Software
personalized
Estimation and validation methods for subgroup identification and personalized medicine
Designed for the analysis of data where the effect of a treatment or intervention may vary across patients. Works with data from randomized controlled trials or observational studies. Provides fitting and validation of subgroup identification and personalized medicine models under the general subgroup identification framework of Chen et al. (2017).
forestBalance
High-dimensional distributional confounding control with adaptive forest weights
Implements the methodology of De and Huling (2025), constructing weights that minimize a measure of distributional distance between treated and control groups that emphasizes confounding variables. The approach works by first jointly modeling the relationship between covariates, outcome, and treatment and then creates a similarity measure that assesses how much two points share a similar confounding structure. This distance emphasizes balance of variables that affect both treatment and outcome, thereby dealing with high dimensional settings when not all variables are confounders.
independenceWeights
Confounding control for continuous-valued exposures
Implements the methodology of Huling, Greifer, and Chen (2021), constructing weights that minimize the weighted statistical dependence between a continuous treatment/exposure and a vector of confounders. Because confounding bias is a function of this dependence, these weights mitigate confounding bias directly without requiring a parametric propensity model.
swjm
Stagewise variable selection for joint models of semi-competing risks
Implements a stagewise variable selection framework for estimating equations and deploy it for two high-dimensional semi-competing risks models, joint frailty model and joint scale-change model. In addition to the lasso and group lasso penalties, we implement the cooperative lasso penalty, which encourages the same sign for effects of the same covariate across the recurrent and terminal event models.
hierNest
Penalized regression with hierarchical nested parameterization structure for heterogeneous populations
Implements a high-dimensional regression model framework when covariate effects vary by subgroups. The focus here is when subgroups are hierarchically defined, such as in readmission prediction settings when regression models may be heterogeneous based on what primary diagnosis an individual had in their initial hospitalization. These diagnoses can then be grouped into larger categories, creating a hierarchical structure. Our approach collapses models by covariate, borrowing strength across groups when needed.
oem
Orthogonalizing EM algorithm for penalized regression
Efficient computation for penalized regression models using the Orthogonalizing EM algorithm, designed for tall datasets.
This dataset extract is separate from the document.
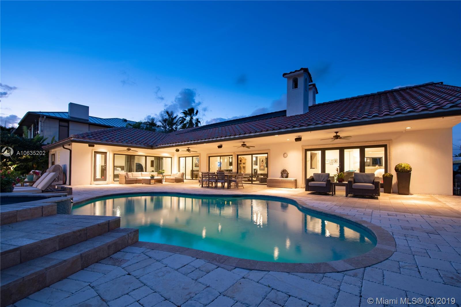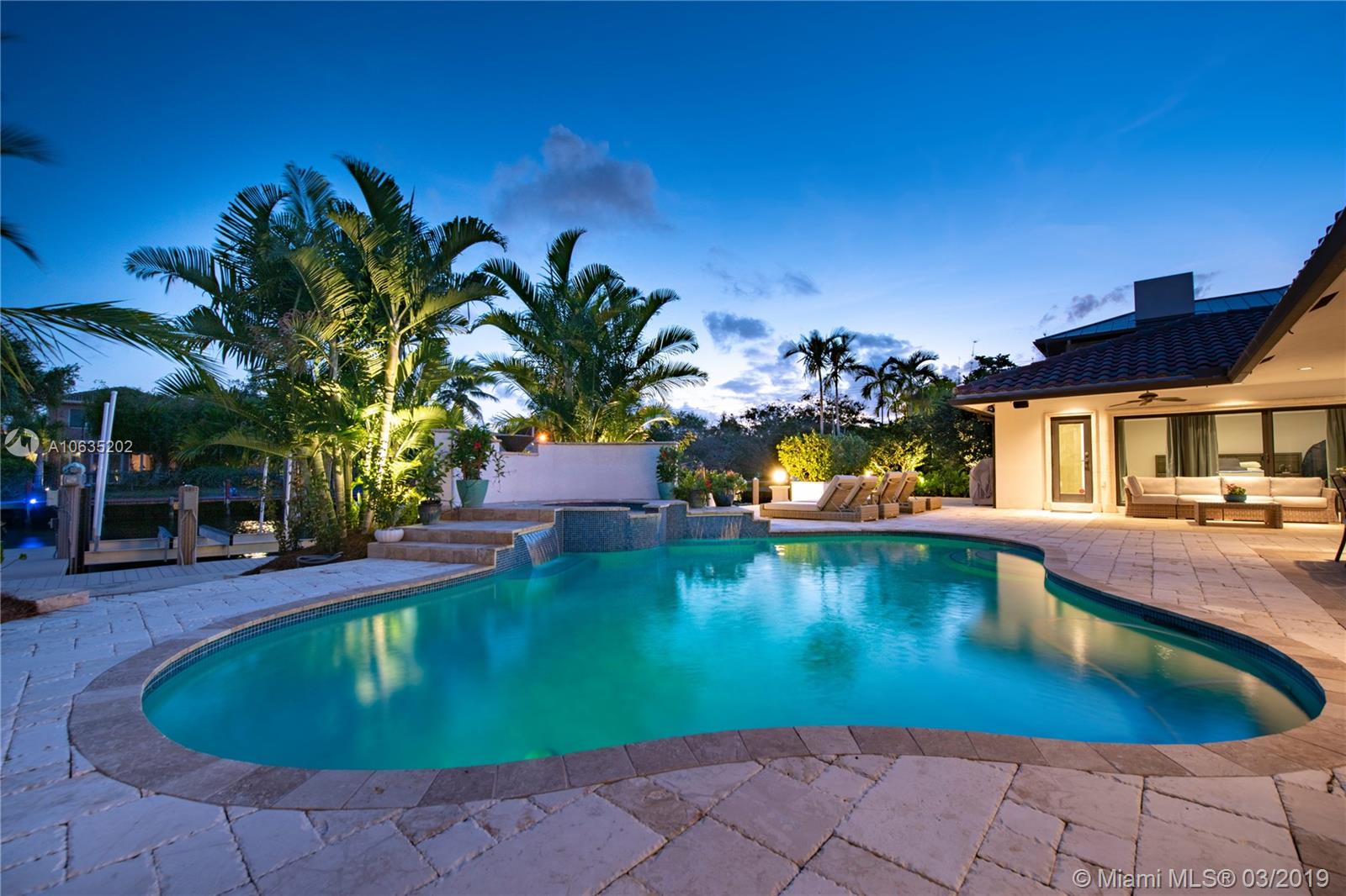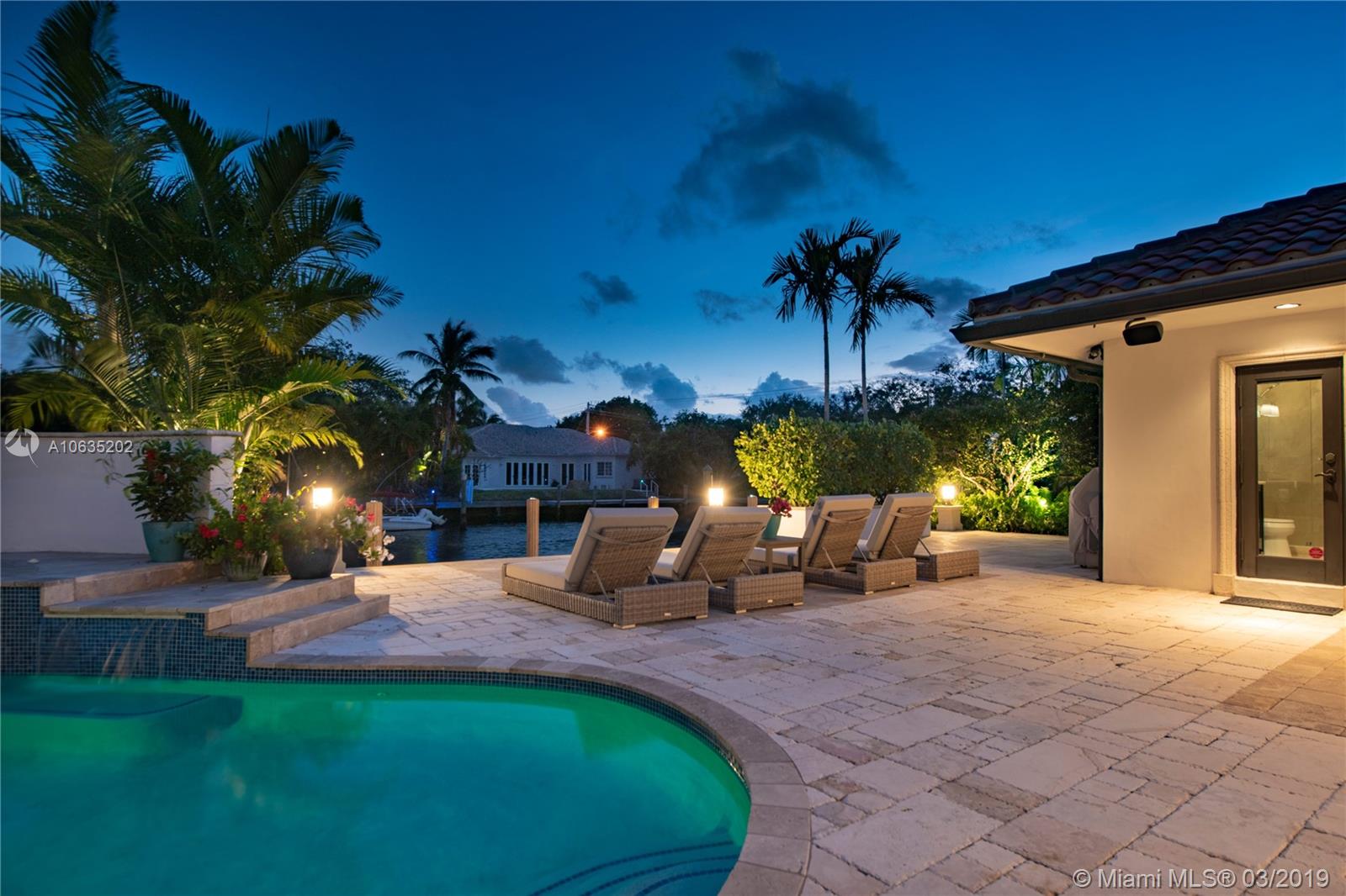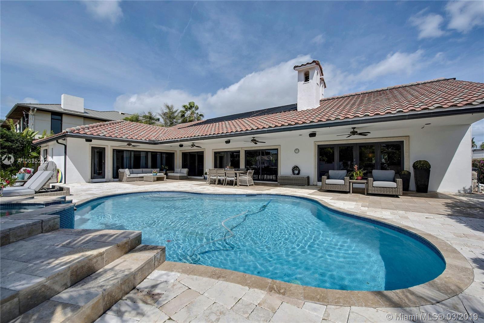 Open floorpan in this Spanish style updated home, all in one story! Large master bedroom with it's own a/c, his and hers closet. Master bath with double sinks, jacuzzi, huge shower for two with rain head, towel warmer and electric Toto toilet. Kitchen is well equipped with induction cooktop, ice maker, Subzero fridge and wine cooler, large granite island counter for entertaining. Control4 home automation system with gate and front door cameras for safety and entry! Two stone wood burning fireplaces. Lot is 125' deep so it allows for large backyard with lagoon style pool with waterfall spa. Dock is 100', has shore power and 16,000 pound boat lift. Walled and gated residence with Chicago brick circular driveway, lush landscape and outdoor lighting.

Supports lasso, MCP, SCAD, elastic net, group lasso, group MCP/SCAD, and more. Also available as a Julia implementation.
personalized2part
Two-part individualized treatment rules for semi-continuous data
Implements the methodology of Huling, Smith, and Chen (2020) for subgroup identification with semi-continuous outcomes. Uses a two-part (hurdle) framework to jointly model the binary and continuous components of the outcome, yielding a single treatment rule. High-dimensional settings are handled via a cooperative lasso penalty.
hierSDR
Hierarchical sufficient dimension reduction
Semiparametric sufficient dimension reduction for settings where population heterogeneity is defined by binary stratifying factors (e.g., chronic conditions in hospital risk modeling). Dimension reduction conforms to the hierarchical relationships between subpopulations, enabling tailored and interpretable models.
vennLasso
Variable selection for heterogeneous populations
Variable selection for high-dimensional models where population heterogeneity is defined by binary stratifying factors. Yields sparsity patterns that adhere to the hierarchical structure among subpopulations, enabling structured, interpretable variable selection across groups.
groupFusedMulti
Doubly structured variable selection for grouped multivariate outcomes
Penalized estimation for high-dimensional regression with multivariate outcomes that have a natural group structure. Implements the methodology of Huling et al. (2023).
personalizedLong
Fused comparative intervention scoring for long-term interventions
Estimation of individualized intervention rules for long-term treatments whose effects change smoothly over time and vary across a population. Implements the fused comparative intervention scoring methodology for heterogeneous longitudinal intervention effects.
aftiv
Instrumental variable estimation under the semiparametric AFT model
Instrumental variable estimation for time-to-event outcomes under the semiparametric accelerated failure time model.